__WORK REQUIRED__: When the line with "因为苹果里安装的软件充值都是" turns up below, begin repeating exactly, and carry on through the line with "Wyposażenie obejmuje panel"; no pictures go into the copy.

[Source records]
>>

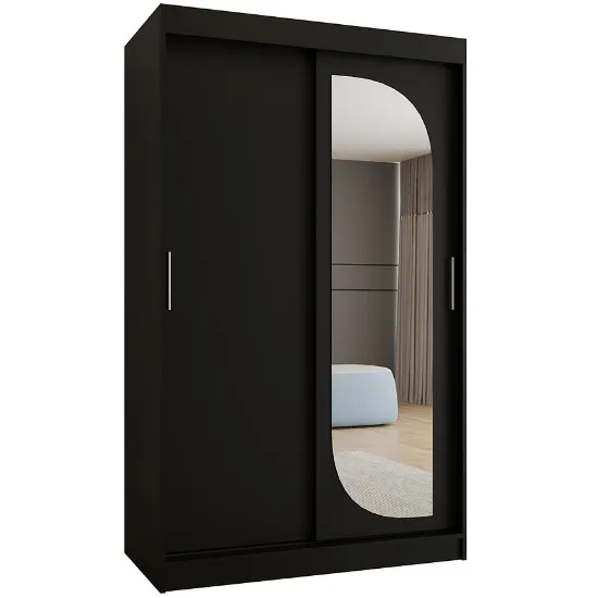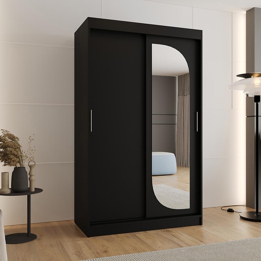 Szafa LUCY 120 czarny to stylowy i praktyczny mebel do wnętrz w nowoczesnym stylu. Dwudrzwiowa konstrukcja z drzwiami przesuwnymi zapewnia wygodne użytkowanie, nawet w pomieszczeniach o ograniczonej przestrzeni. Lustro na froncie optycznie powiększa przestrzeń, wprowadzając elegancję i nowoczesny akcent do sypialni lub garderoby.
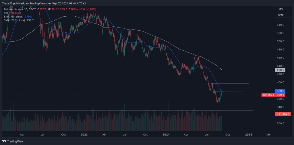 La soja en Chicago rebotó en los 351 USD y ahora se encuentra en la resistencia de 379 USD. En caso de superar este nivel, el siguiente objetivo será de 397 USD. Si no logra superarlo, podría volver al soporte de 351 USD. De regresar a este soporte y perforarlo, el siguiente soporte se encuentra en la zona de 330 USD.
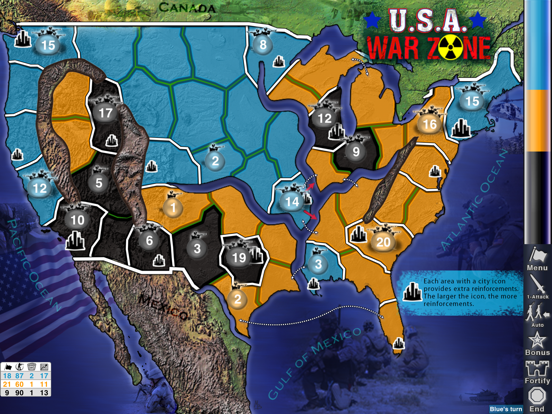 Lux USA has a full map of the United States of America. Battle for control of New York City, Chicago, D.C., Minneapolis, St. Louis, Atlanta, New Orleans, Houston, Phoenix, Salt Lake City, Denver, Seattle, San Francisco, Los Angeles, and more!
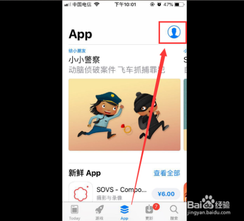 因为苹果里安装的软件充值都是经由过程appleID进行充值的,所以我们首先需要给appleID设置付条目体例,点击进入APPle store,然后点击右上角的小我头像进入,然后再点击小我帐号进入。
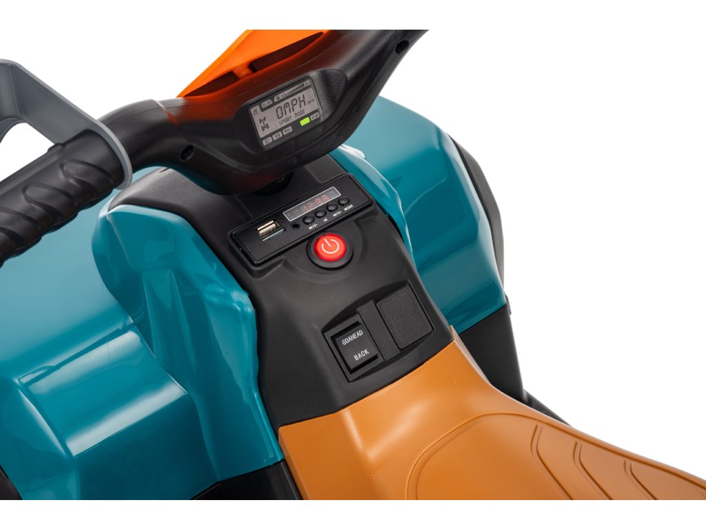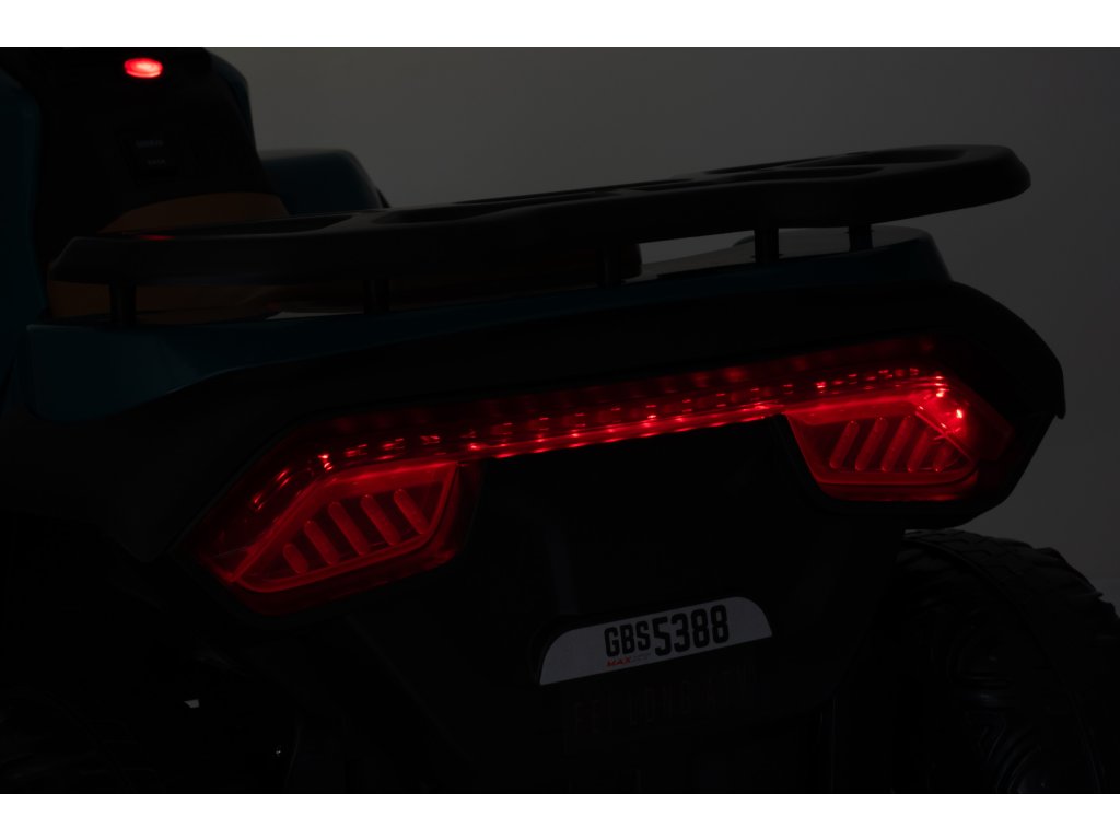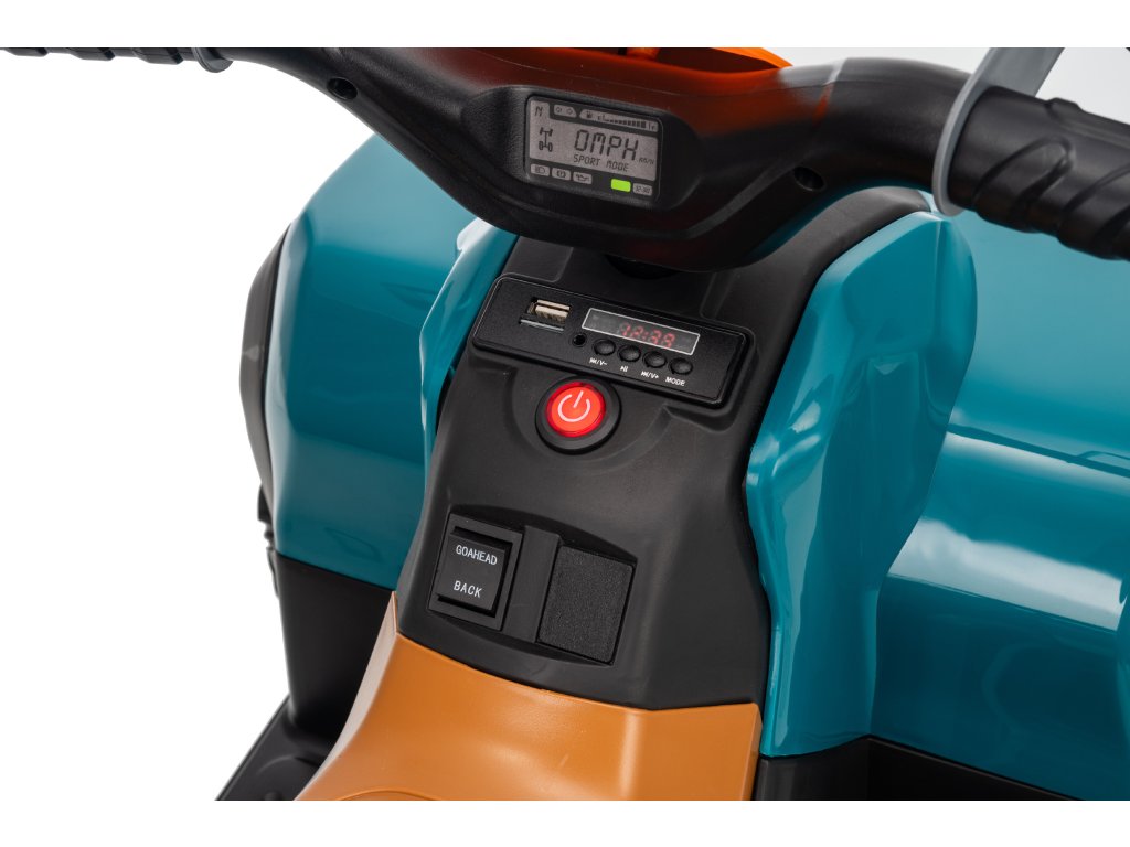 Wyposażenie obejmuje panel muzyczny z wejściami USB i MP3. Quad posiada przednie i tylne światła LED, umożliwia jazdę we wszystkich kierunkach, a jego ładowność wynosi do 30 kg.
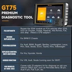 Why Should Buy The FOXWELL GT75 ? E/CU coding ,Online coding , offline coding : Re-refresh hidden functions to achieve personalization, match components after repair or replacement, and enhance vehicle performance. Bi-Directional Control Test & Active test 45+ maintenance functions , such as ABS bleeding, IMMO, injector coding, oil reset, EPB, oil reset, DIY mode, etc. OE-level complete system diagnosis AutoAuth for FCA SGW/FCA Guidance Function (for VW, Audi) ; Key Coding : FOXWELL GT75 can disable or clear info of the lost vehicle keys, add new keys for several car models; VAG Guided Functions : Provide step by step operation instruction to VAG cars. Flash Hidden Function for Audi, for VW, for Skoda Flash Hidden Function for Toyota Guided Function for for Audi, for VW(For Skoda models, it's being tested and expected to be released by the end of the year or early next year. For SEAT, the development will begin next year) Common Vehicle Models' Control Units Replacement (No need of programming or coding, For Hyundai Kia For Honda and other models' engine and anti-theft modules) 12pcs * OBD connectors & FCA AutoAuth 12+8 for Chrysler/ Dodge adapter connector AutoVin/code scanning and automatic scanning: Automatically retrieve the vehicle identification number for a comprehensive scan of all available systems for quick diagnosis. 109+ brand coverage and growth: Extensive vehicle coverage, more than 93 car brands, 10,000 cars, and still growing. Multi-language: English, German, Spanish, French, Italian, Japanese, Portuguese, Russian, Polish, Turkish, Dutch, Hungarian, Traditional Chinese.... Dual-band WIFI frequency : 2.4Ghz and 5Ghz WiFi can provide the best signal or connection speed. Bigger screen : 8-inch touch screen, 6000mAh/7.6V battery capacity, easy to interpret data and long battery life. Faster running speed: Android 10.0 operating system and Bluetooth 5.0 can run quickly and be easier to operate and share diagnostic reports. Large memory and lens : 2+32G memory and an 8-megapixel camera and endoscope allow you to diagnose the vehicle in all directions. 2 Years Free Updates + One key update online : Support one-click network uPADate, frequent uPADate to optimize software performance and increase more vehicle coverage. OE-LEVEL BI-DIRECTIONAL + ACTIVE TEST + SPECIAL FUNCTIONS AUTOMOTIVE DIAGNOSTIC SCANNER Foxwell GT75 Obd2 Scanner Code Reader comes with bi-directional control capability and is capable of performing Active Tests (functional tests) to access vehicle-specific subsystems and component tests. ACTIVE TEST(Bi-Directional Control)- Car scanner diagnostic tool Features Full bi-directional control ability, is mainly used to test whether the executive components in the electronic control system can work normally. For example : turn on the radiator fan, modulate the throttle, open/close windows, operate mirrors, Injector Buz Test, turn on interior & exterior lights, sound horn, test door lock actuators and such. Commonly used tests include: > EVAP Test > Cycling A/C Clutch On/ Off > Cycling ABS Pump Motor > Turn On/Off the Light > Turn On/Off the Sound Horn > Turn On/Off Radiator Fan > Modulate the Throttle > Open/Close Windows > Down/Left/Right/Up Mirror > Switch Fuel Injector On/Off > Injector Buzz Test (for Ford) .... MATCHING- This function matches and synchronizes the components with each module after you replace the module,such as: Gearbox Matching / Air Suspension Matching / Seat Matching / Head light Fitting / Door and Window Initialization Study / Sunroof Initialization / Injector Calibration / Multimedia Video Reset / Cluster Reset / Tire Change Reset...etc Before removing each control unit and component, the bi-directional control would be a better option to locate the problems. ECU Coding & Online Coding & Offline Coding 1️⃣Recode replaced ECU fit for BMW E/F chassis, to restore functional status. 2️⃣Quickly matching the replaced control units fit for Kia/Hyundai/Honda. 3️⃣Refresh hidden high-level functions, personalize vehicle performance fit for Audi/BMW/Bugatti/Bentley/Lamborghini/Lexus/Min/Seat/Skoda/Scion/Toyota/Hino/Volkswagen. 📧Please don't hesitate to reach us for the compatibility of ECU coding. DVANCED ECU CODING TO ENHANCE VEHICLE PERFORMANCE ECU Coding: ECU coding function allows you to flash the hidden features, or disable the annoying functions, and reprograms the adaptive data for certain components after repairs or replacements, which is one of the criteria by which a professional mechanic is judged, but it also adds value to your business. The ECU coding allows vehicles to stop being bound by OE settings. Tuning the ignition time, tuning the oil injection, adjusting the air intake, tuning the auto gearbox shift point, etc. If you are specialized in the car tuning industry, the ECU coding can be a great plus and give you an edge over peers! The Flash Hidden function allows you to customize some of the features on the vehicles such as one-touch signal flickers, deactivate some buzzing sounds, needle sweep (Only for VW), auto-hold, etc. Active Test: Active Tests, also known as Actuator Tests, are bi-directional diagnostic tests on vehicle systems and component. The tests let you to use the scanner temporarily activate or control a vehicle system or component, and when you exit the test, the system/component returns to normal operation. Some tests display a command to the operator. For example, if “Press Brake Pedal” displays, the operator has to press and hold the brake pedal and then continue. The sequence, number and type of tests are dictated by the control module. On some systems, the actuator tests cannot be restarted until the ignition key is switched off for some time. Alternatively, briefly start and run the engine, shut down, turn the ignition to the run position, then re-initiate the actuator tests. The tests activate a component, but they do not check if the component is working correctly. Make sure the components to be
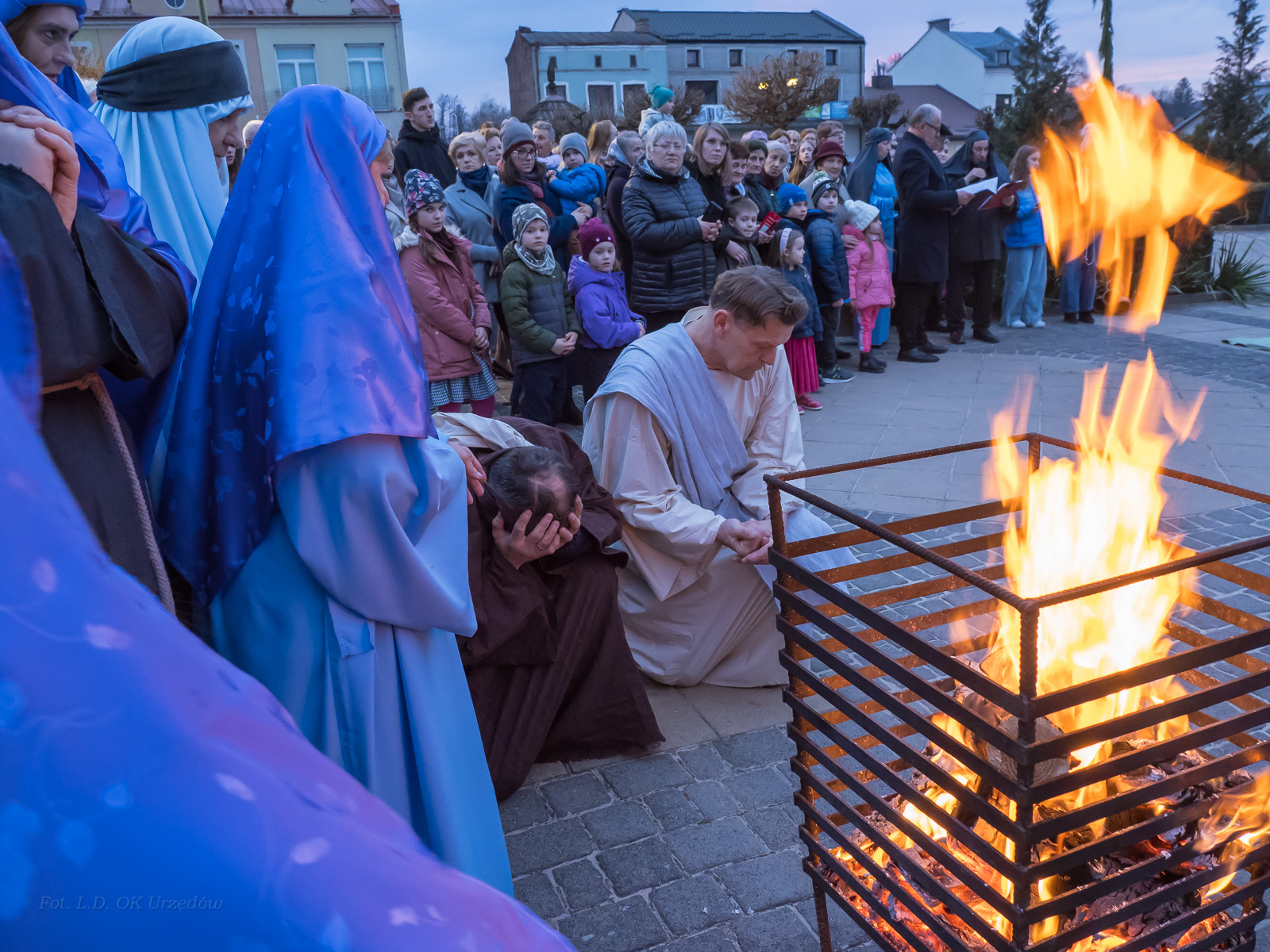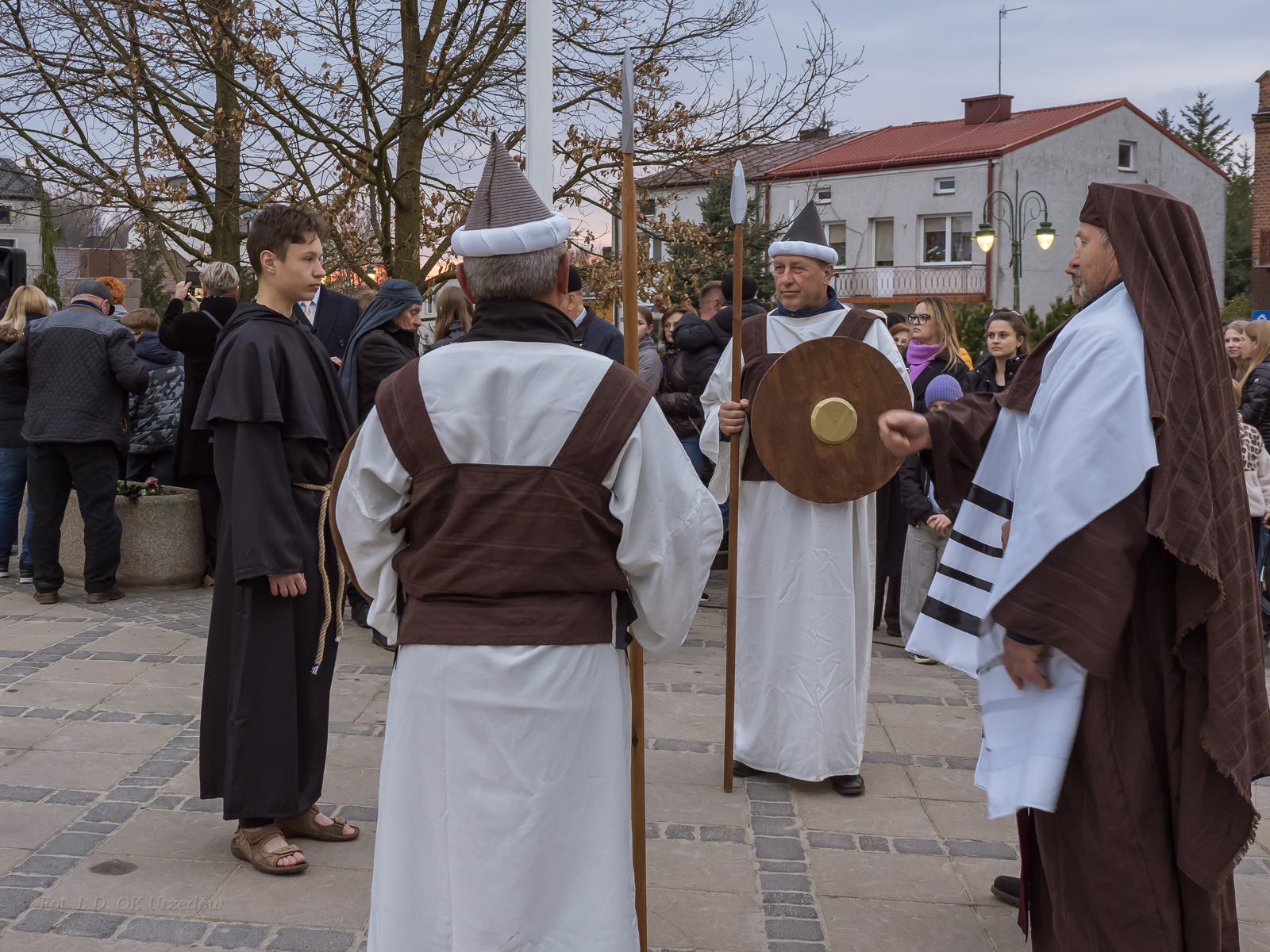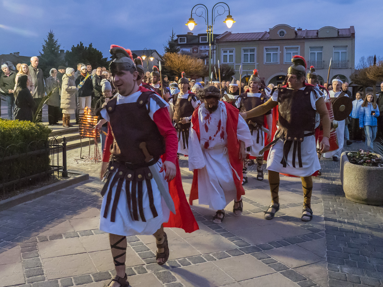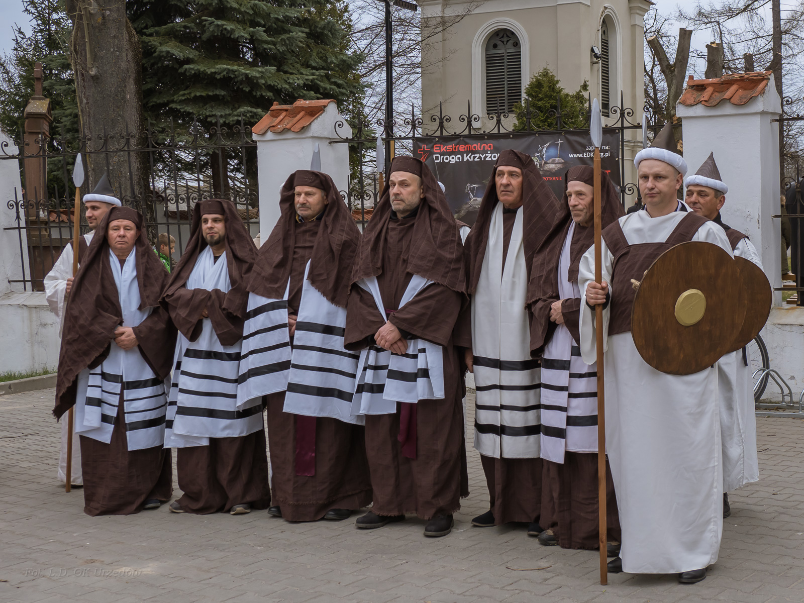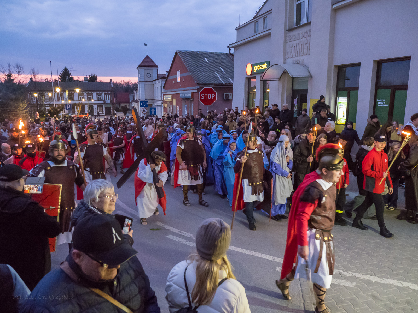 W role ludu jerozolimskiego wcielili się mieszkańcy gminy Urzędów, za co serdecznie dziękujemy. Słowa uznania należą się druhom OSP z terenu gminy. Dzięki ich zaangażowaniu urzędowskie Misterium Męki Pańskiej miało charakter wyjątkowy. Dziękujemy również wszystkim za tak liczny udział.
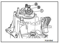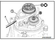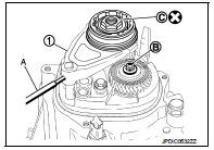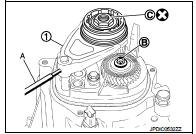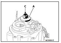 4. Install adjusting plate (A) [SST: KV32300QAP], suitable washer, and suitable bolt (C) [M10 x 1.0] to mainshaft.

<<

__TASK RESULT__:
 因为苹果里安装的软件充值都是经由过程appleID进行充值的,所以我们首先需要给appleID设置付条目体例,点击进入APPle store,然后点击右上角的小我头像进入,然后再点击小我帐号进入。
 Wyposażenie obejmuje panel muzyczny z wejściami USB i MP3. Quad posiada przednie i tylne światła LED, umożliwia jazdę we wszystkich kierunkach, a jego ładowność wynosi do 30 kg.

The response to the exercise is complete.